*Dataset extract*:
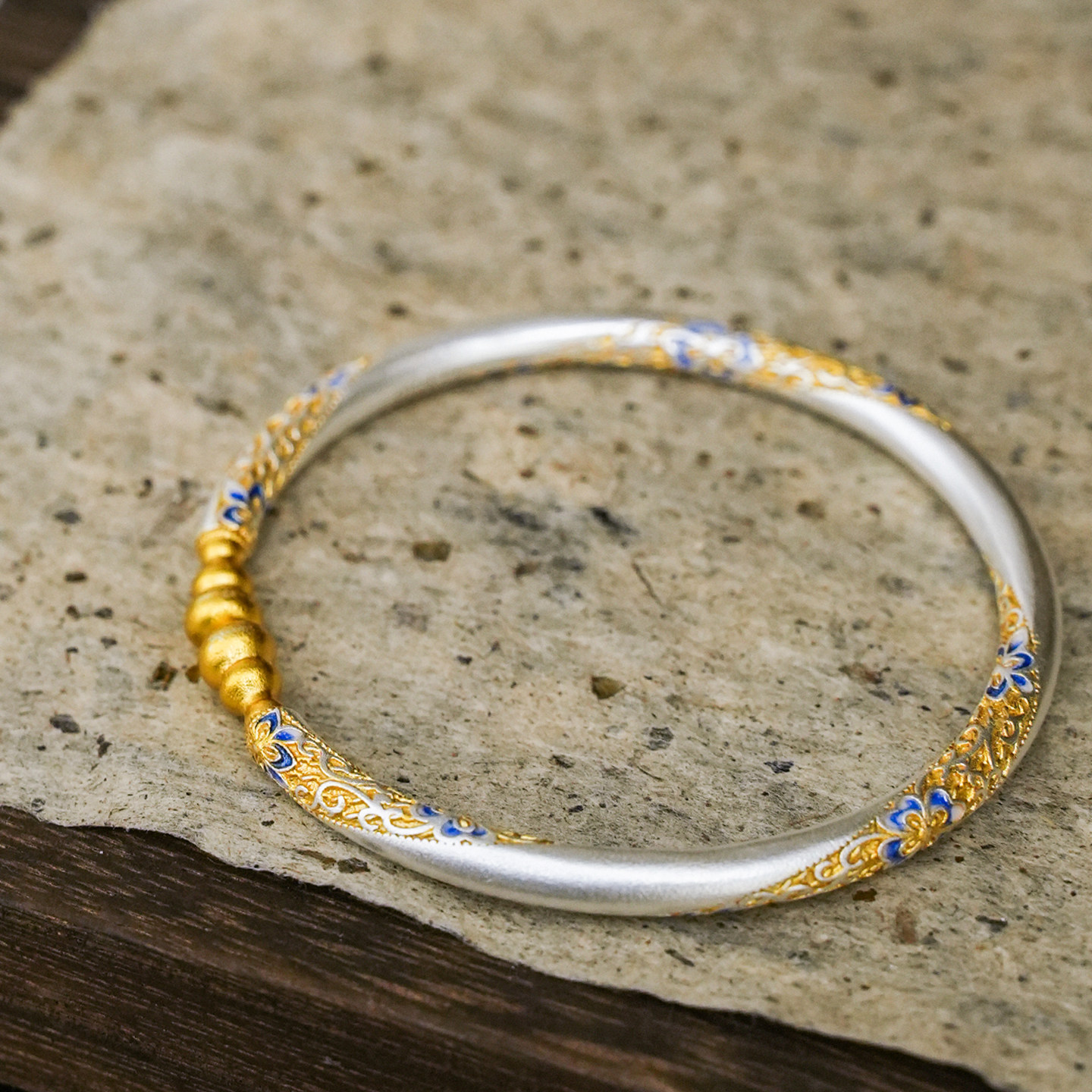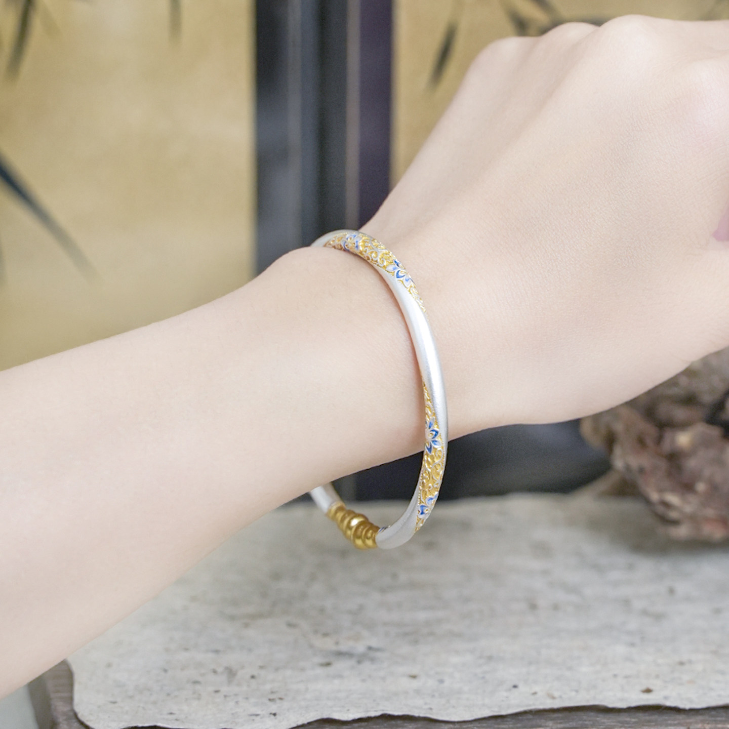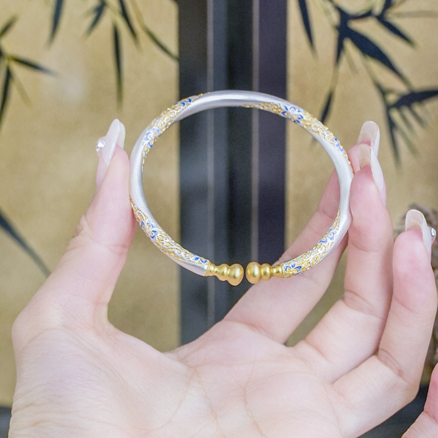 📚 沁恋足银999描金珐琅彩葫芦繁花开口实心手镯国风新中式古法手环
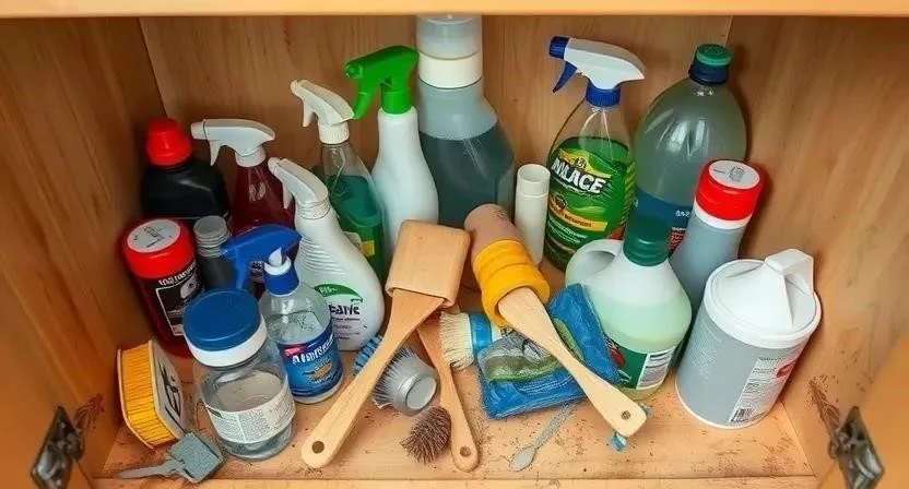 Новички часто допускают следующие ошибки при уборке шкафа для бытовой химии:
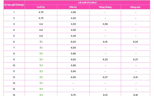 Cụ thể, khách hàng gửi từ 1 tỷ đồng trở lên ở kỳ hạn 6 tháng sẽ được cộng thêm 1%/năm so với lãi suất niêm yết. Với mức lãi suất niêm yết hiện hành là 7,1%/năm, tổng lãi suất thực nhận theo hình thức lĩnh lãi cuối kỳ có thể đạt 7,3 - 8,1%/năm – cao nhất trên thị trường hiện nay ở kỳ hạn 6 tháng.
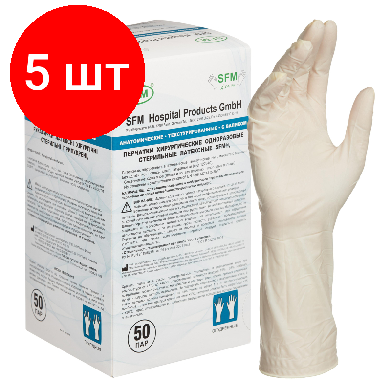 Купить Комплект 5 упаковок, Мед.хирург. перчатки латекс. стерил. опудр. ПАФ SFM (8.0) 50пар/упак
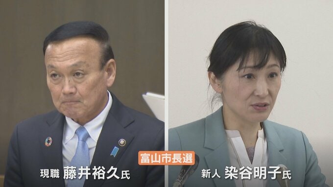 一方、富山市長選にはこれまでに現職の藤井裕久氏と新人の染谷明子氏の2人が立候補を表明し、選挙戦となる公算です。
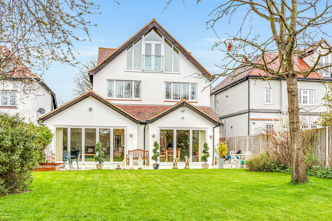 The landscaped rear garden commences from the back of the property with a large patio area. The remainder is laid mostly to lawn and is complemented by the established planted borders. Timber garden sheds to remain. Outside lighting. Cold water tap. Gated side access to front.
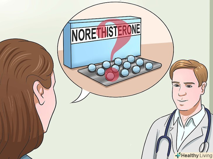 Запитайте лікаря про норетистерон.якщо вам не підходить варіант прийому протизаплідних таблеток, проконсультуйтеся з лікарем про застосування рецептурного препарату норетистерон. Норетистерон необхідно приймати три рази на день за кілька днів до менструації.[6]- Перед настанням менструації рівень прогестерону падає, через що відторгається слизова матки, і виникає кровотеча. Підтримка високого рівня прогестерону затримує настання менструації або зупиняє її.[7]
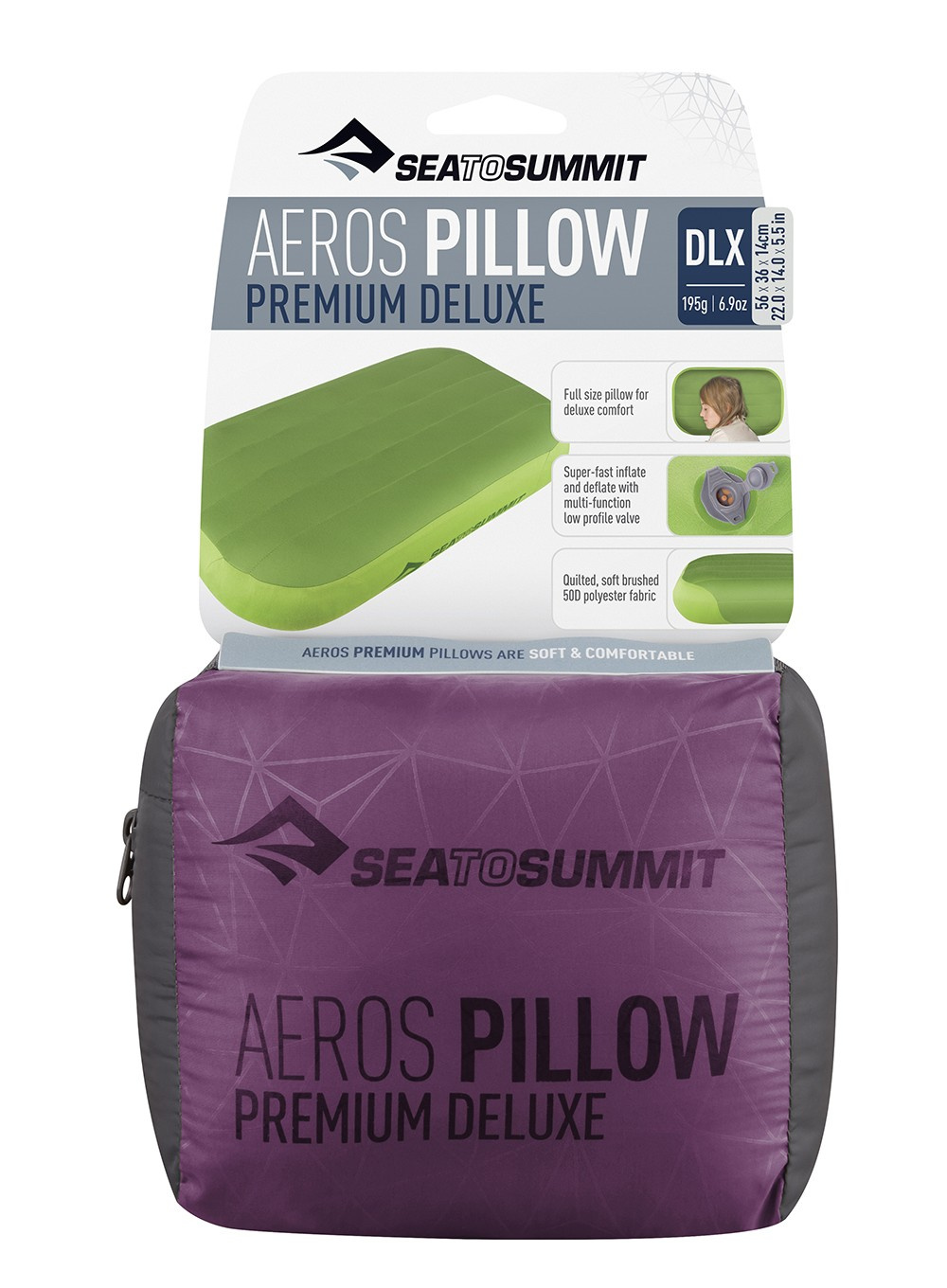 Poduszka Sea To Summit Aeros Pillow  Premium Deluxe zapewnia komfortowy sen i odpoczynek podczas każdej wyprawy, na kempingu, czy w trakcie długiej podróży samochodowej. Niewielka waga poduszki i jej kompaktowy rozmiar po spakowaniu sprawiają, że zmieści się w każdej torbie podróżnej, czy plecaku.
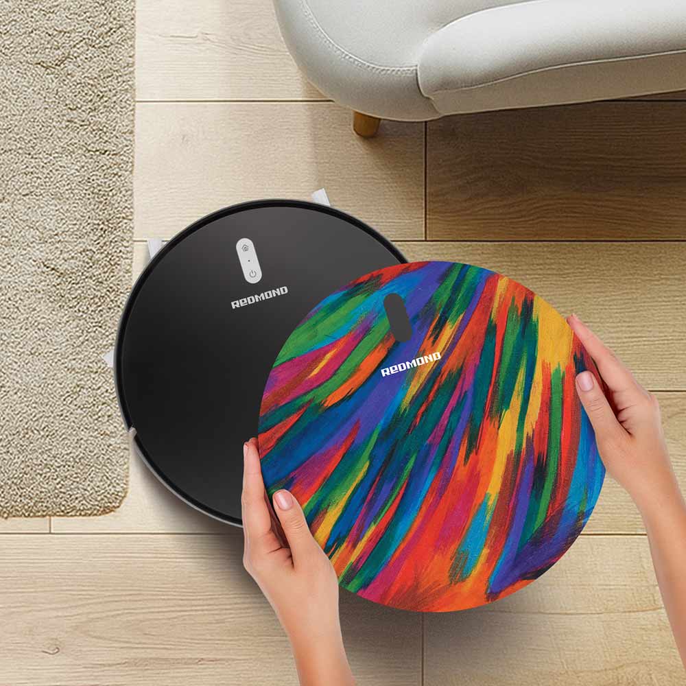 VRC1306 — съемная панель (запатентованное техническое решение*) с необычным дизайном для смарт-робота-пылесоса RV-R630S. Крышка без усилий и устанавливается, и снимается, поэтому менять внешнее оформление устройства легко. Для дизайна серии съемных панелей использованы картины особых художников арт-студии «Перспективы».

*Work task*:
When you return the listing, keep each line exact and leave the pictures out.

*Written solution*:
 📚 沁恋足银999描金珐琅彩葫芦繁花开口实心手镯国风新中式古法手环
 Новички часто допускают следующие ошибки при уборке шкафа для бытовой химии:
 Cụ thể, khách hàng gửi từ 1 tỷ đồng trở lên ở kỳ hạn 6 tháng sẽ được cộng thêm 1%/năm so với lãi suất niêm yết. Với mức lãi suất niêm yết hiện hành là 7,1%/năm, tổng lãi suất thực nhận theo hình thức lĩnh lãi cuối kỳ có thể đạt 7,3 - 8,1%/năm – cao nhất trên thị trường hiện nay ở kỳ hạn 6 tháng.
 Купить Комплект 5 упаковок, Мед.хирург. перчатки латекс. стерил. опудр. ПАФ SFM (8.0) 50пар/упак
 一方、富山市長選にはこれまでに現職の藤井裕久氏と新人の染谷明子氏の2人が立候補を表明し、選挙戦となる公算です。
 The landscaped rear garden commences from the back of the property with a large patio area. The remainder is laid mostly to lawn and is complemented by the established planted borders. Timber garden sheds to remain. Outside lighting. Cold water tap. Gated side access to front.
 Запитайте лікаря про норетистерон.якщо вам не підходить варіант прийому протизаплідних таблеток, проконсультуйтеся з лікарем про застосування рецептурного препарату норетистерон. Норетистерон необхідно приймати три рази на день за кілька днів до менструації.[6]- Перед настанням менструації рівень прогестерону падає, через що відторгається слизова матки, і виникає кровотеча. Підтримка високого рівня прогестерону затримує настання менструації або зупиняє її.[7]
 Poduszka Sea To Summit Aeros Pillow  Premium Deluxe zapewnia komfortowy sen i odpoczynek podczas każdej wyprawy, na kempingu, czy w trakcie długiej podróży samochodowej. Niewielka waga poduszki i jej kompaktowy rozmiar po spakowaniu sprawiają, że zmieści się w każdej torbie podróżnej, czy plecaku.
 VRC1306 — съемная панель (запатентованное техническое решение*) с необычным дизайном для смарт-робота-пылесоса RV-R630S. Крышка без усилий и устанавливается, и снимается, поэтому менять внешнее оформление устройства легко. Для дизайна серии съемных панелей использованы картины особых художников арт-студии «Перспективы».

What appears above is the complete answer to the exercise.